Omitting all pictures, copy word for word the lines from the line containing "나무로 만들었던 상판은" through the final line of the entries.

Data for processing: Begin

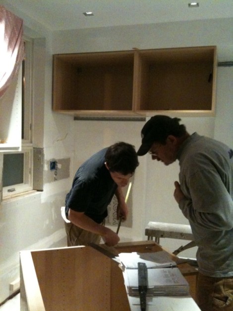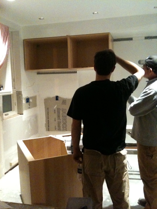 Tonight after I painted the last ceiling coat in the kitchen the guys got going on some more cabinets:
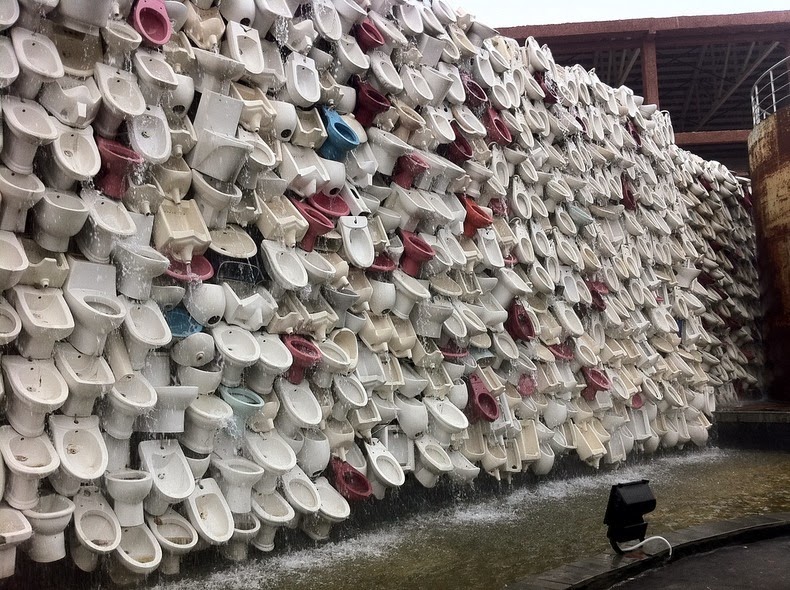 Autorom tohto „umeleckého diela“ je Shu Yong, ktorý spolu so svojim tímom strávil pri inštalácií toaliet dva mesiace. Toto recyklované dielo vzniklo zozbieraním vyhodených záchodových mís a umývadiel od obyvateľov mesta. Všetky zariadenia sú pripojené na vodu, a tak z toho vznikol veľký záchodový vodopád. Šli by ste k nej osviežiť?
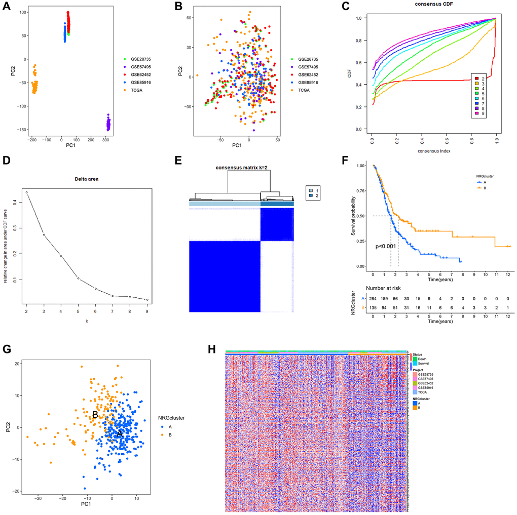 Using PCA, the TCGA, GSE28735, GSE62452, GSE57495 and GSE85916 datasets were combined to correct the data. After adjustment, the batch effect was effectively eliminated (Figure 3A, 3B). According to the expression of NRGs, the samples from GSE28735, GSE57495, GSE62452, GSE8516 and TCGA data sets were identified as two immune subtypes, NRGcluster A and NRGcluster B, which respectively represent high and low expression of NRGs. The k value should be adjusted to 2 for best performance, as evidenced by the area under the CDF curve and its relative change (Figure 3C–3E). In Figure 3C, when the slope of the curve in the CDF diagram is the most gentle, the clustering analysis results are the most reliable, and the corresponding k value is the best k value; Figure 3D shows the relative change of area under the CDF curve compared to k and k-1, and since there is no k = 1, the first point represents the total area under the CDF curve for k = 2; Figure 3E shows the matrix heat map when k = 2, and the white part rarely has blue infection, indicated that there is less interference between subgroups. To sum up, k = 2 is the optimal k value, and when k is 3 or other values, the interference between subgroups cannot be minimized. The Kaplan-Meir survival analysis indicated that patients with the NRGcluster A subtype had a poorer survival rate than those with the NRGcluster B subtype (p < 0.001) (Figure 3F). The PCA findings indicated a batch effect between NRGcluster A and B, suggesting that both clusters had strong internal consistency (Figure 3G). The survival and mortality status of the two patient groups were shown as heat maps in Figure 3H, along with the expression of neutrophil marker genes such as SRGN, BCL2A1, ALOX5AP, FPR1, BASP1, and CSFR. Individuals with the NRGcluster A subtype demonstrated elevated expression levels of neutrophil marker genes, suggesting that these patients may have aggressive neutrophil infiltration (Figure 3H).
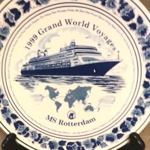 the M.S. Rotterdam cruise liner ship. It can be hung on the wall by a wire on the back of the plate. It is in good condition and
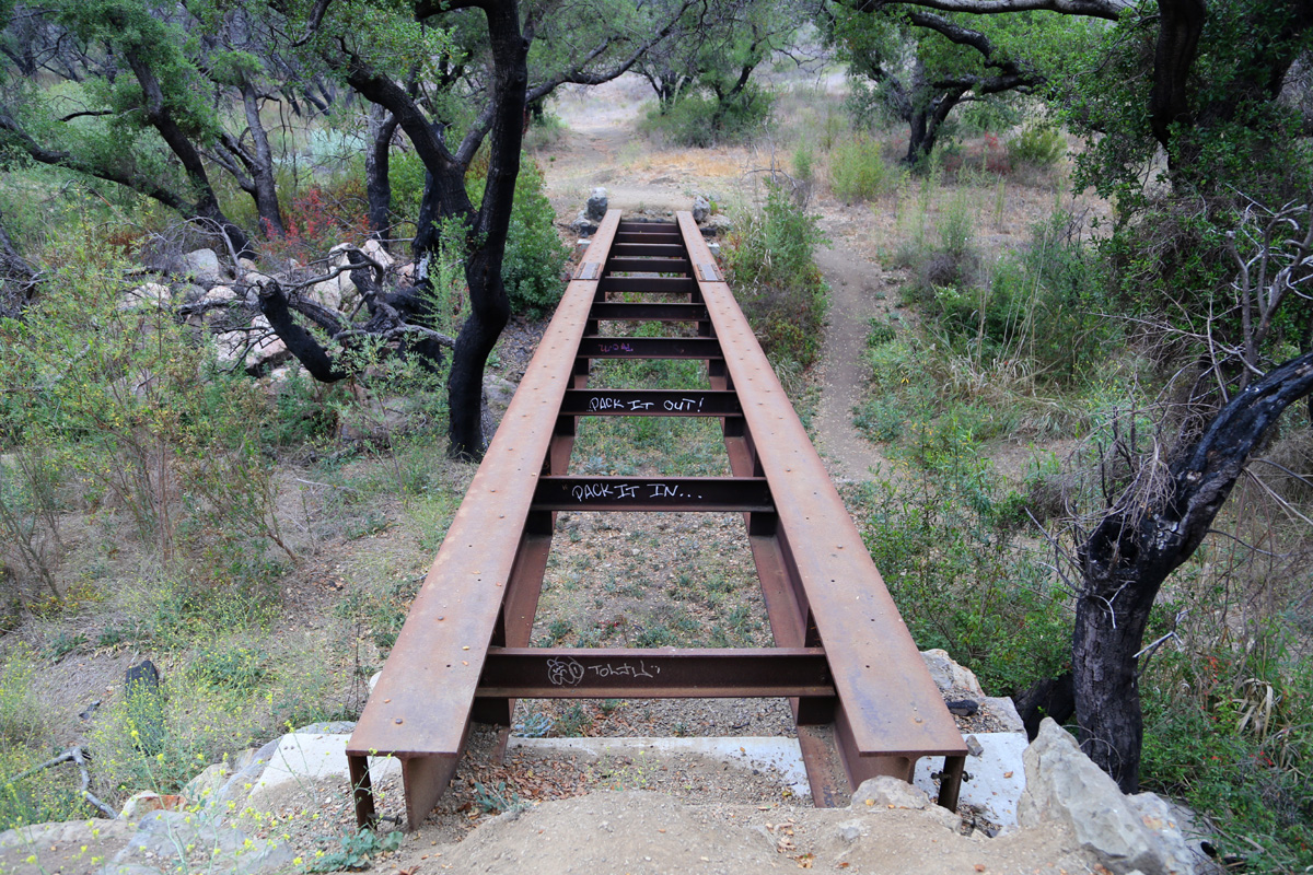나무로 만들었던 상판은 모두 불타서 사라지고, 콘크리트 기단과 H빔 뼈대만 남은 것으로 생각이 된다. 지도에 이 트레일이 니콜라스리지 모터웨이(Nicholas Ridge Mtwy)로 표시되는 것으로 봐서, 아마도 예전에 자동차도 다닐 수 있는 튼튼한 다리를 만들어 놓았었던 모양이다.
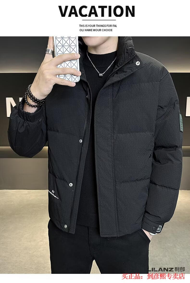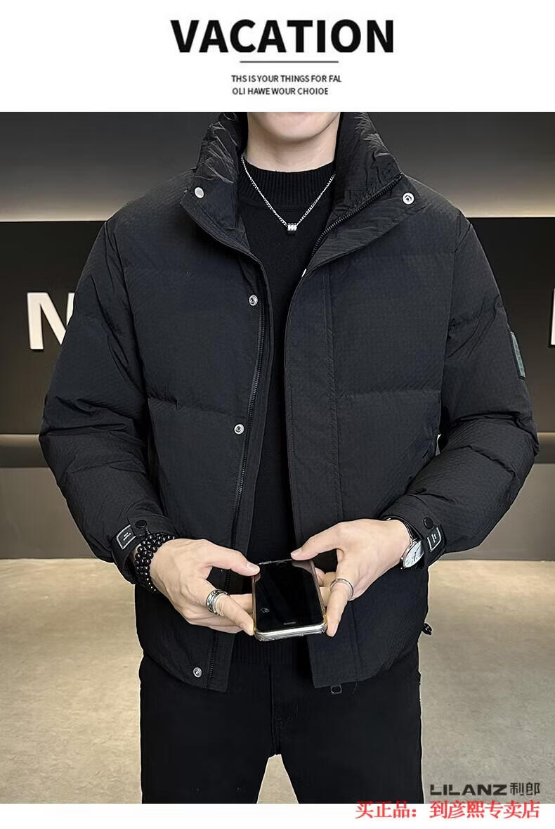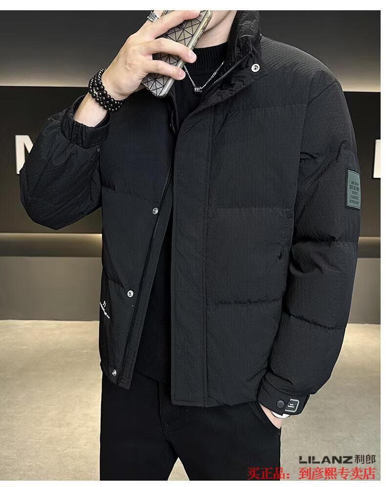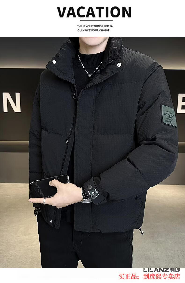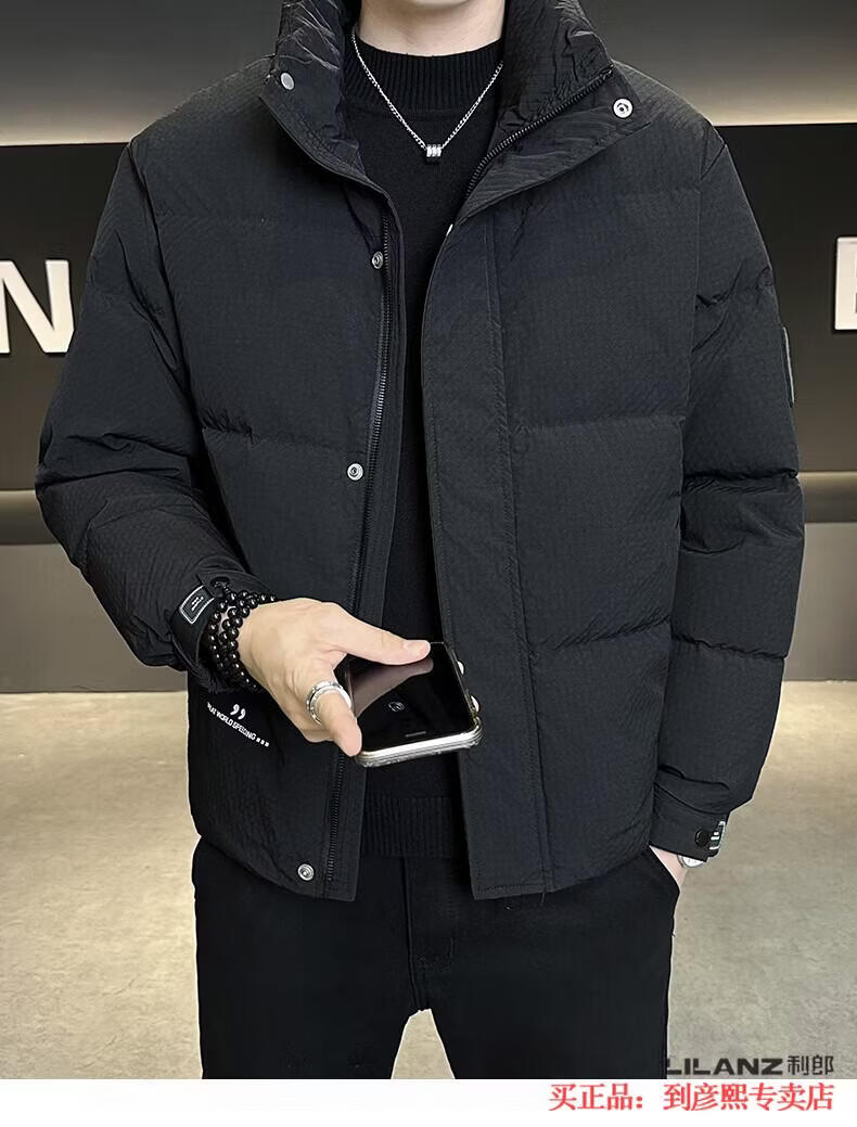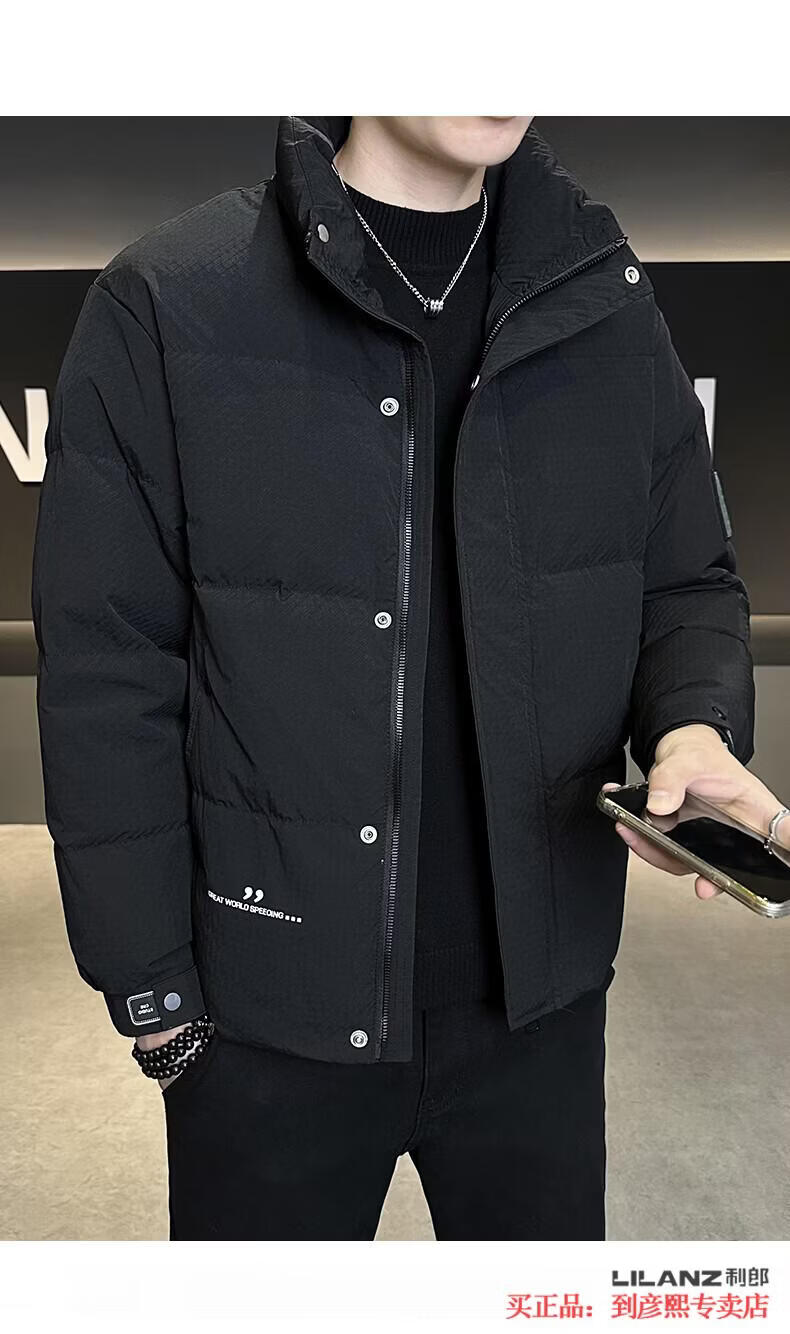 LILANZ 2025 new winter style handsome stand-up collar down jacket men's short thickened trendy warm bread jacket black-flagship L

Data for processing: End

Task result:
나무로 만들었던 상판은 모두 불타서 사라지고, 콘크리트 기단과 H빔 뼈대만 남은 것으로 생각이 된다. 지도에 이 트레일이 니콜라스리지 모터웨이(Nicholas Ridge Mtwy)로 표시되는 것으로 봐서, 아마도 예전에 자동차도 다닐 수 있는 튼튼한 다리를 만들어 놓았었던 모양이다.
 LILANZ 2025 new winter style handsome stand-up collar down jacket men's short thickened trendy warm bread jacket black-flagship L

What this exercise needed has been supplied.